Dos guardias se abalanzaron inmediatamente sobre DeJong y lo arrastraron fuera del cuarto. Lander tuvo que leer el final una segunda vez. DeJong pasó cien días en reclusión solitaria con raciones reducidas.

El Vietcong se ocupó de curarle la mano a Lander en un hospital situado en los suburbios de Hanoi, un edificio grande, totalmente blanqueado a la cal por dentro, con cortinas de cañas cubriendo las aberturas donde habían sido voladas las ventanas. No hicieron un trabajo fino. El cirujano de ojos enrojecidos que se ocupó de Lander no poseía conocimientos suficientes de cirugía estética para solucionar el problema de esa araña roja sujeta sobre su mesa y tenía pocos remedios. Pero poseía alambre de acero inoxidable y ligaduras y paciencia y con el tiempo la mano recobró el movimiento. El médico hablaba inglés y practicaba este idioma con Lander en terriblemente aburridas conversaciones mientras realizaba su trabajo.

Lander, desesperado por distraerse, mirando a cualquier lugar que no fuera su mano mientras le hacían las curas, descubrió un viejo resucitador de fabricación francesa, evidentemente en desuso, tirado en un rincón del quirófano.

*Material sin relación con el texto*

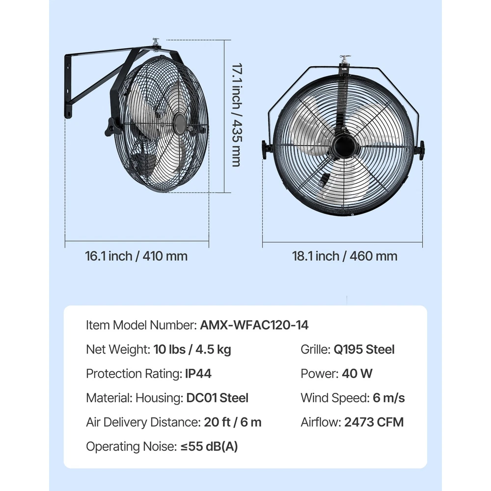 Stay Cool and Comfortable Effortlessly Looking for a solution to keep your garage or workshop cool? This heavy-duty wall-mounted fan provides strong airflow to help you stay comfortable. Its space-saving wall installation is perfect for efficiently cooling and ventilating expansive areas. Fully Adjustable Airflow with 360° Rotation Extended Range Air Transport High-Performance Motor Workspace Storage Facility Workshop Outdoor Space Step 1 Step 2 Step 3 Various Choices to Suit Your Needs Q1: Is this wall-mounted fan waterproof? A1: This model is IP44 rated, meaning it is water splashes-resistant and can be cleaned securily. However, it should not be used in fully open outdoor areas. If installed in a semi-open space, we recommend adding a protective barrier to avoid rainwater from entering and damaging the unit. Q2: Is the fan loud during operation? A2: At its lowest speed setting, the fan produces a noise level of 55 dB(A) when measured at close range. For a quieter experience, we recommend using the fan in open or well-ventilated areas to reduce perceived noise. Q3: What type of wall can the fan be mounted on? A3: The fan must be installed on a solid concrete wall. It is not suitable for mounting on wooden patios or drywall. Features & Details Powerful Air Circulation for Quick Cooling: This wall-mounted industrial fan generates robust airflow to efficiently reduce temperatures, reaching up to 26.3 ft (8 m). Perfect for use in workshops, storage facilities, heated kitchens, and other challenging environments. IP44 Water Resistance: Designed for use in moist environments, this wall-mounted fan is equipped with a fully enclosed motor featuring IP44-rated protection, durable copper windings, dual ball bearings, and a GFCI plug to ensure safe operation in humid or partially outdoor areas. Customizable Airflow Control: This wall-mounted industrial fan offers 270° horizontal and 360° vertical rotation, enabling targeted ventilation for expansive areas. Adjustable 3-Speed Wall Fan: Designed for versatile cooling, this wall-mounted fan features three speed options, delivering airflow up to 2473 CFM to suit various seasonal and environmental requirements. Durable All-Metal Design: Built for lasting performance, this wall-mounted fan is equipped with aluminum blades, a steel grille with a protective powder coating, a sturdy metal bracket, and a convenient pull-cord for effortless operation. SHIPPING ABOUT US PAYMENT RETURNS CONTACT WARRANTY Welcome to our eBay store. As a leading and emerging company in manufacturer and exporting business, we are specialized in Business and Industrial Products, Sporting Goods, Pet Products, Home and Garden products for more than 10 years. We believe that it is our vision and mission to provide innovative products with best service and competitive price to satisfy you. Our goal is to make sure that you can find exactly what you are looking for and make it easy for you to place your orders. We accept PayPal payment,PayPal Credit,Credit card or debit card and so on. Payment should be completed within 4 (Four) days of auction closing. Or unpaid dispute will be filed for closing auction. We will leave a positive feedback immediately after payment is received. We appreciate a positive feedback as much as you do. If for some reason there is any issue with the purchase, please contact us prior to leaving feedback, we will be glad to work together and provide a satisfying solution. Please be aware that PO Box cannot receive items, please DO NOT fill in the PO Box address. DELIVERY DAYS: 3-7 BUSINESS DAYS 3 BUSINESS DAYS SHIPPING OUT SHIP FROM CA & TX & NJ & GA & NC &OR WAREHOUSE California Warehouse: City of Industry, CA Texas Warehouse : Houston, TX New Jersey Warehouse : Perth Amboy, NJ New York State Warehouse: Perth Amboy, NJ Georgia Warehouse: Austell,GA North Carolina Warehouse: Grove NC Oregon Warehouse: AIRPORT WAY Portland,OR All of our items are backed with a 30-day return policy. We ensure all our items are new and in excellent condition prior to shipping. In case you receive the item that is not to the standards above, please contact us via e-Bay messages. All returns must be in new original condition as received and should be shipped with delivery confirmation Please note that all returns must be pre-approved by us. Unauthorized returns will not be accepted. If you need to return, please check twice to confirm the item not work and contact our customer service representative, let us know the detailed problem and send us some pictures for confirmation. We ONLY accept returns with original package. Please make sure that item has NO man-made sabotage. Used items will not be accepted for return. Email Customer Support: 9:00am-2:00am PST Sunday-Friday All emails will be responded to within 12-24 hours This item comes with 12 months Warranty from the date of customers purchased it. Special circumstances will be listed clearly in the listing. If your item has been damaged in transit or become faulty in warranty period, please email us with pictures or video to show the problem. Please do check everything carefully after you received the parcel, any the damage except DOA (Dead-On-Arrival) would not be covered if it's your fault. Replacement products are provided with the same warranty as the returned products. Stay Cool and Comfortable Effortlessly Looking for a solution to keep your garage or workshop cool? This heavy-duty wall-mounted fan provides strong airflow to help you stay comfortable. Its space-saving wall installation is perfect for efficiently cooling and ventilating expansive areas. Fully Adjustable Airflow with 360° Rotation Extended Range Air Transport High-Performance Motor Workspace Storage Facility Workshop Outdoor Space Step 1 Step 2 Step 3 Various Choices to Suit Your Needs Q1: Is this wall-mounted fan waterproof? A1: This model is IP44 rated, meaning it is water splashes-resistant and can be cleaned securily. However, it should not be used in

Funcionaba con un motor de corriente directa provisto de un volante excéntrico que accionaba los fuelles. Con voz entrecortada por el dolor, preguntó si funcionaba.

El médico le dijo que el motor se había quemado. Nadie sabía arreglarlo.

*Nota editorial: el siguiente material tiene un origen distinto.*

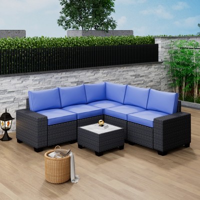 This modern 5-piece outdoor dining set is crafted to elevate your outdoor dining game. It’s a rectangular table with four reclining chairs, perfectly blending style and comfort, seating four people with ease. This trendy outdoor dining set is just the spot for hosting friends or enjoying family meals in the sun. The adjustable backrests on each chair let you find your perfect spot for relaxation, keeping things comfy for long hangouts. Made from weather-proof materials, this set stands up to the elements, ready for use all year round. The creamy white cushions stand out against the stylish black rattan, giving your outdoor area a warm and inviting look. Plus, the glass top adds a touch of class and is super easy to clean, blending practicality with chic vibes.

Tratando de concentrar su atención en cualquier cosa que le distrajera del dolor, Lander comenzó a hablar sobre dínamos y rebobinamientos. Gotas de sudor corrían por su cara.

– ¿Podría arreglarlo? -El doctor tenía el ceño fruncido. Estaba atando un pequeño nudo. Un nudo que no era mayor que la cabeza de una hormiga colorada, ni que la pulpa de un diente, pero más grande que el sol resplandeciente.

– Sí -respondió Lander hablando sobre alambre de cobre y bobinas, algunas de sus palabras cortadas por la mitad.

– Bueno -acotó el médico-. Terminé con usted por el momento.

La mayoría de los prisioneros de guerra se comportaron de una manera admirable a los ojos de los militares norteamericanos. Soportaron años de sufrimientos y regresaron a su país saludando marcialmente por encima de sus ojos hundidos. Eran hombres decididos con personalidades fuertes y animosas. Hombres a los que les resultaba posible creer en algo.

El Coronel DeJong era uno de ellos. Cuando salió de la reclusión solitaria para volver a tomar el mando de los prisioneros de guerra, pesaba cincuenta kilos. Sus ojos tenían destellos rojizos en sus profundas órbitas, como el fuego reflejado en los ojos de los mártires. No había emitido juicio alguno sobre Lander hasta que lo vio en una celda con un carrete de alambre de cobre, rebobinando el dínamo de un motor norvietnamita, y junto a él un plato en el que podían verse espinas de pescado.

El coronel DeJong hizo correr la voz y Lander recibió el tratamiento del silencio en el campamento. Se convirtió en un paria.